The basic principles of phytonic theory were advanced by the German poet and naturalist J. W. von Goethe, who stated in his Essay on the Metamorphosis of Plants (1790) that all organs of a plant are metamorphoses of the leaf (type-leaf). The founders of phytonic theory were the French scientist C. Gaudichaud-Beaupré (1841) and the German scientist K. Schulze (1843). Several variations on the theory were later developed by such major botanists as the American Asa Gray (1879), the Italian F. Delpino (1883), the Russian A. N. Beketov (1897), the Czechs Celakovsky (1901) and J. Velenovsky (1905), the Frenchman G. Chauveaud (1921), the British botanist J. Priestley (1931), and the Swiss scientist O. Schiiepp (1938).

Phytonic theory reflects the metameric structure of the shoot in higher plants and the decisive influence of the leaf on the formation of the stem, in particular its stele, the central part of the vascular system. The development of the shoot in ontogeny corresponds fully to phytonic theory, inasmuch as the leaf rudiments and their nodes take shape first on the growing point, while the internodes proliferate later by means of intercalary growth; this is especially evident in grasses. In the ontogeny of certain ferns, the formation of successive phytons (phyllorhizae) can be precisely traced.

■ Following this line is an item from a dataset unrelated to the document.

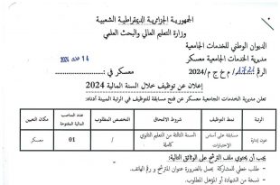 أكمل القراءة »اعلان عن توظيف بمديرية الخدمات الجامعية لولاية معسكر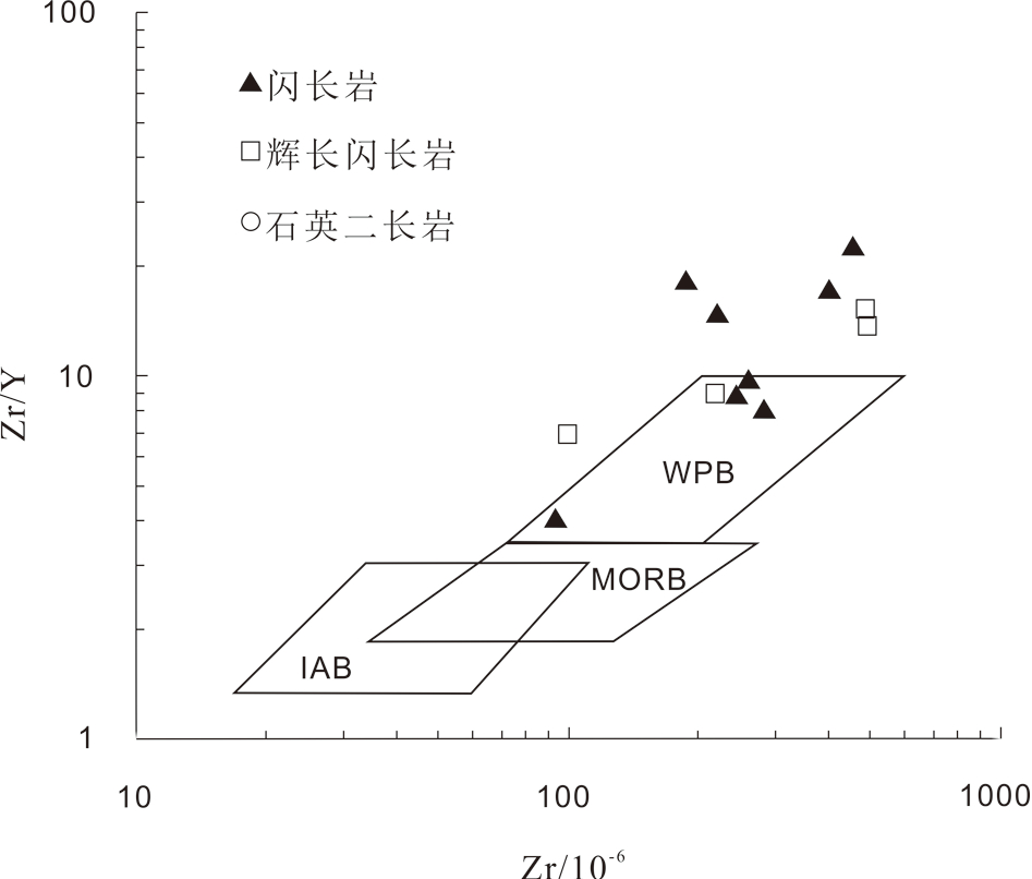 该岩体主量元素含量见表1,显示为中性—基性岩类。SiO2含量除一个为 66.86%外,其他样品含量集中于 48.89%~59.09%;Al2O3 含量介于 14.80%~18.22%,A/CNK为0.83~1.08,大多数属准铝质范围,仅一个样品(A/CNK 为 1.39)落入过铝质区域;全碱含量较高:Na2O+K2O 为 5.93%~9.00%,其中 Na2O 含量为 3.26%~5.22%,平均 3.98%,K2O 含量 1.31~5.00%,平均值为 3.20%;Na2O/K2O 为 0.80~4.00,仅两个小于 1,为钠质岩石;MgO含量介于 1.01%~6.25%,Mg# 变化于 36~61,其中 Mg# = 100×n(Mg)/[n(Mg)+n(TFe)](邓晋福等,2015);TiO2= 0.68%~2.67%,平均为 1.65%,接近洋岛玄武岩的 TiO2 含量(1.35%~2.29%)(Weaver,1991);在侵入岩 TAS 图解(图3)上,辉长闪长岩落在碱性区域的二长闪长岩及二长岩范围内,闪长岩则主要落入Ir-Irvine 分界线下方的二长岩范围,仅一个投在石英二长闪长岩,与矿物组成定名相符;野外观测及薄片鉴定结果表明,岩体遭受了不同程度的后期蚀变作用,且样品岩石化学分析数据中具有较高的烧失量(LOI 值介于 1.16%~6.37%),因此,在岩石类型判别中纳入不活泼的微量元素(如 Zr、Nb、Y、Ti)做进一步判别,Nb/Y-10000×Zr/TiO2岩石分类图(图4) 上,样品点主要落入碱性玄武岩-粗安岩区,仅石英二长岩落在粗面岩区。二者判别结果较为一致,说明蚀变在岩石化学定名方面影响较小。

In phylogeny, however, phytonic theory is unacceptable and has on several occasions been justifiably criticized, for example, by the German scientist G. Krüger (1851), the British scientist F. Bower (1890, 1908), and the Soviet scientists B. M. Kozo-Polianskii (1937) and K. I. Meier (1946). From the evolutionary point of view, the leaf cannot be regarded as the parent organ of all higher plants. The first terrestrial flora had no leaves, and the development of leaf and stem structures proceeded by various means.

REFERENCE

Sinnot, E. Morfogenez rastenii. Moscow, 1963. (Translated from English.)